I still haven’t gotten around to the 560 page book on statistical power analysis. It’ll happen.
Again, I’ve glossed over parts of the notes and alighted, in my summary, on items that were particularly shiny to me. I found the examination of arbitrarily categorizing continuous variables helpful in the context of a project I was working on where I wanted to divide examples into equal-sized buckets based on a continuous variable. I also found Reinhart’s explanation of Simpson’s Paradox pithy and memorable.
Rather than chastise researchers for lack of rigor, Reinhart also examines the context in which some rigor disappears. Of particular concern: journal policies that disincentivize scientific rigor. There is value in judging the quality of someone’s work based on its contents (and its omissions) rather than by the name of the journal in which it got published. Unfortunately academia has a tough habit of using journal names as a proxy for researcher credibility sometimes.
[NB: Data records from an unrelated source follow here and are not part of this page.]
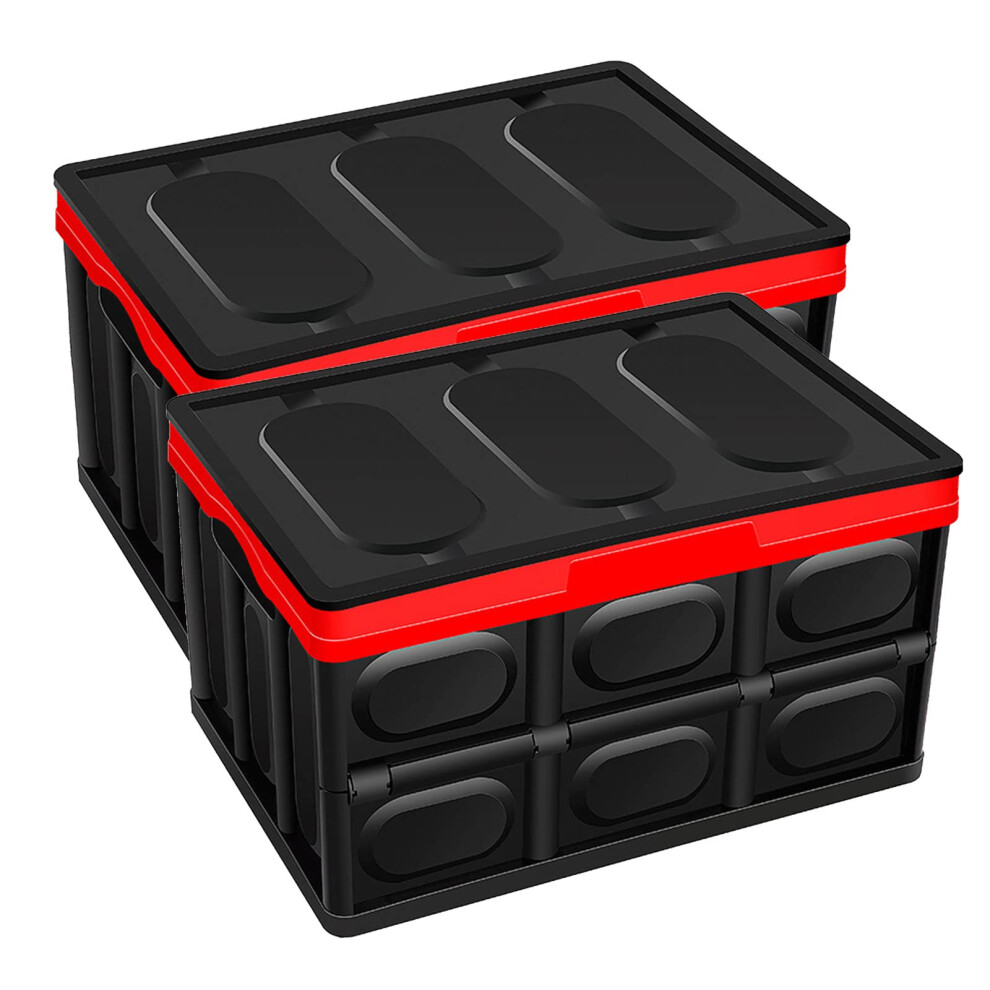 Collapsible Storage Box with Lids 2Pack Folding Bin Crates Plastic Stack Foldable Organizer For Home Car Boot Black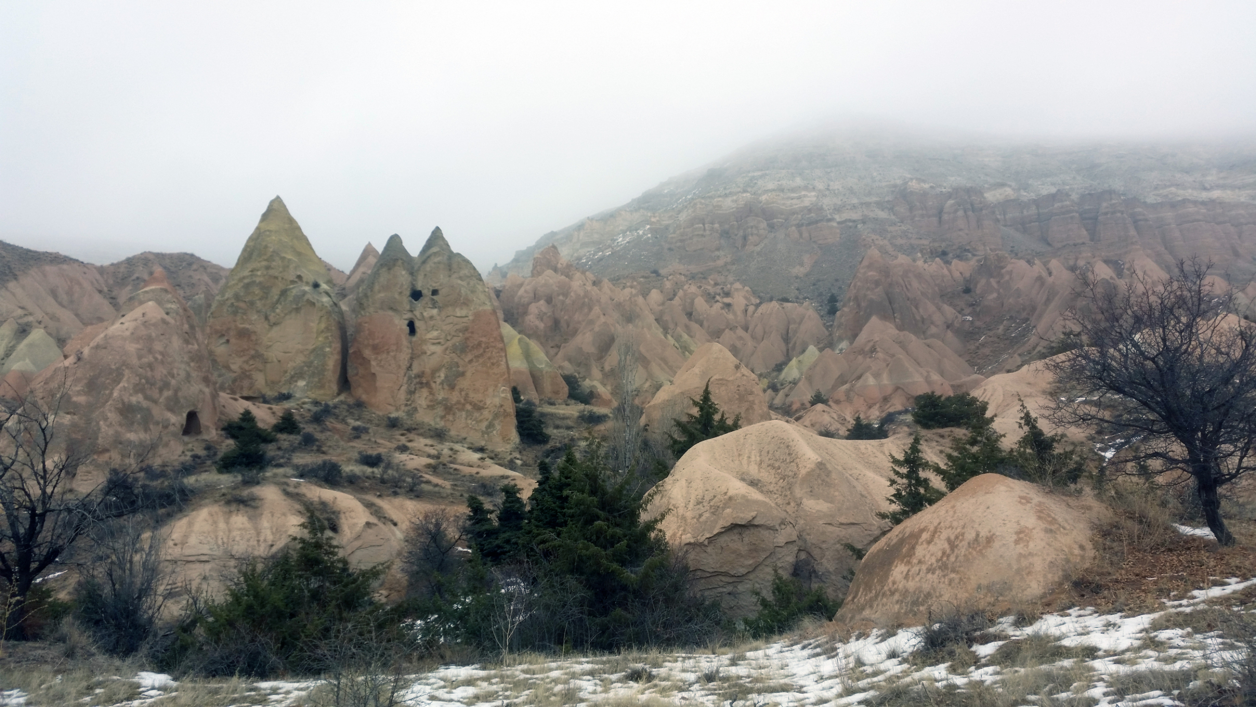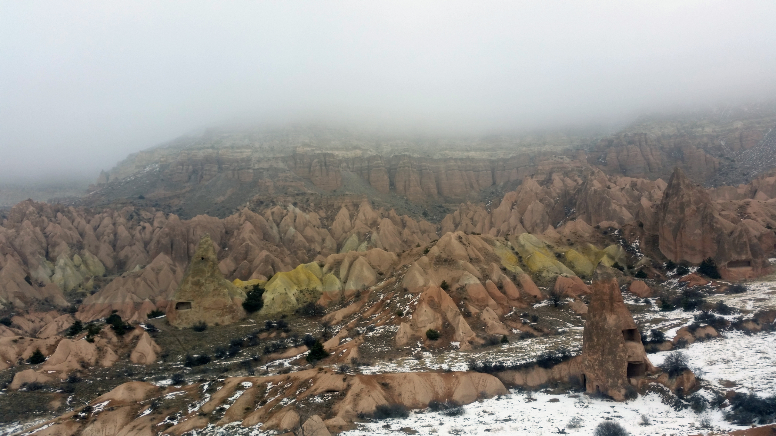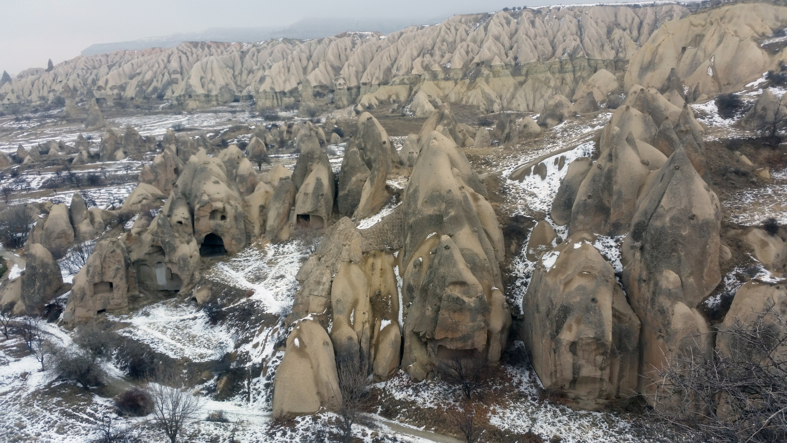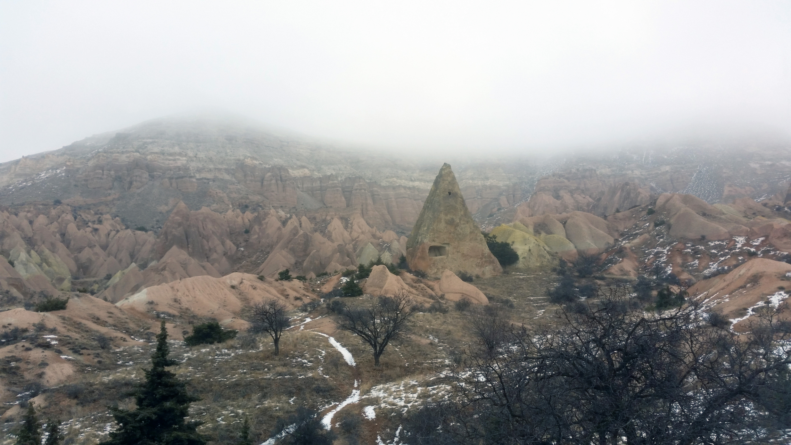 Несмотря на плохую видимость, самые возвышенные точки Каппадокии, такие как Ортахисар и Учхисар, все же можно было разглядеть.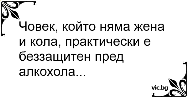 Човек, който няма жена и кола, практически е беззащитен пред алкохола...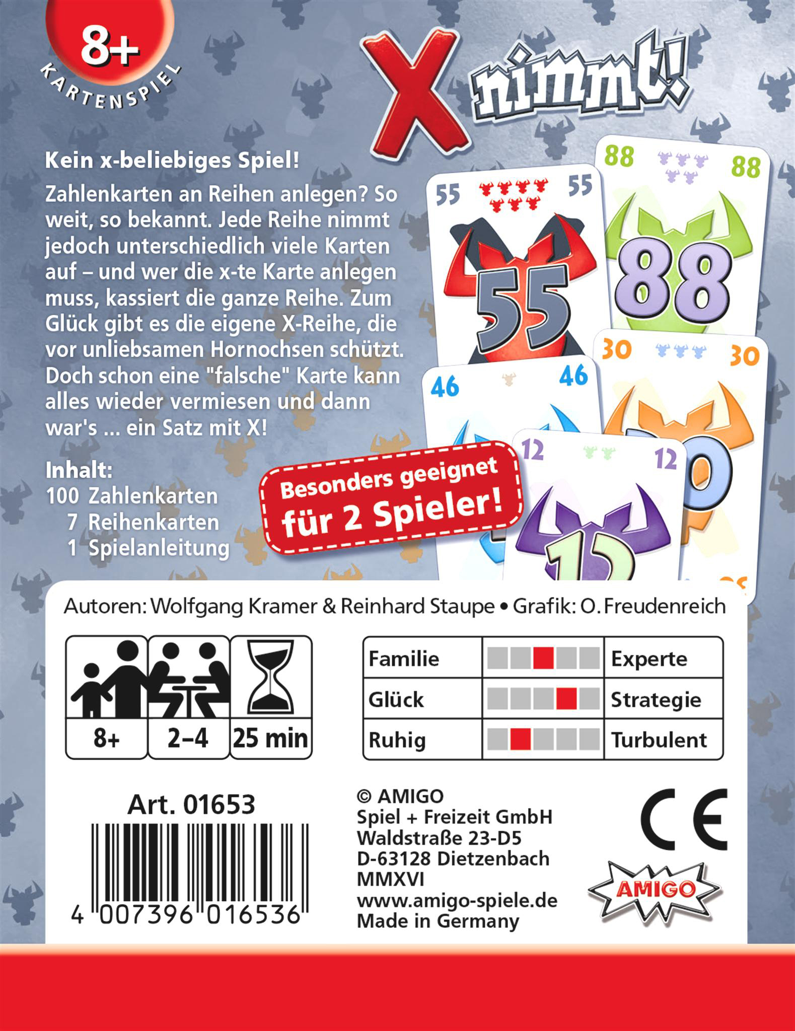Kein x-beliebiges Spiel! Zahlenkarten an Reihen anlegen? So weit, so bekannt. Jede Reihe nimmt jedoch unterschiedlich viele Karten auf - und wer die x-te Karte anlegen muss, kassiert die ganze Reihe. Zum Glück gibt es die eigene X-Reihe, die vor unliebsamen Ho...
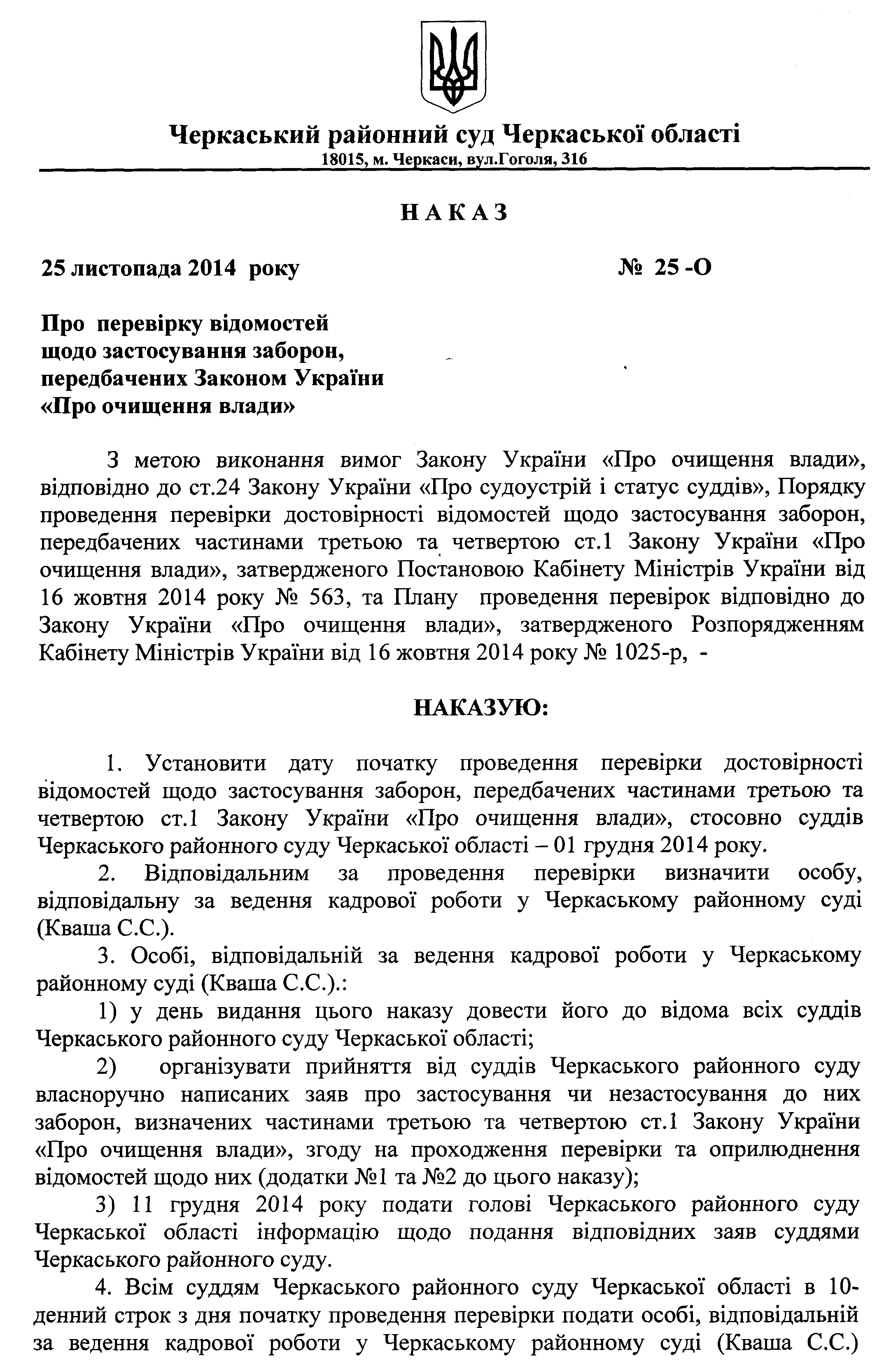 Інформація щодо виконання вимог Закону України "Про очищення влади"

It’s a growth area for our scientific fields.
Finally, the book highlighted some shortcomings of existing research that I’ll want to remember in the event that I end up conducting or publishing research. My hope, in such a circumstance, would be to contribute to the field something that it currently needs more of.
Reinhart also listed many additional sources and organizations to check out, and I took a look at some of them. They gave me additional perspective on the role of the researcher, but they demonstrate that a programmer’s eye can be very useful in a research field.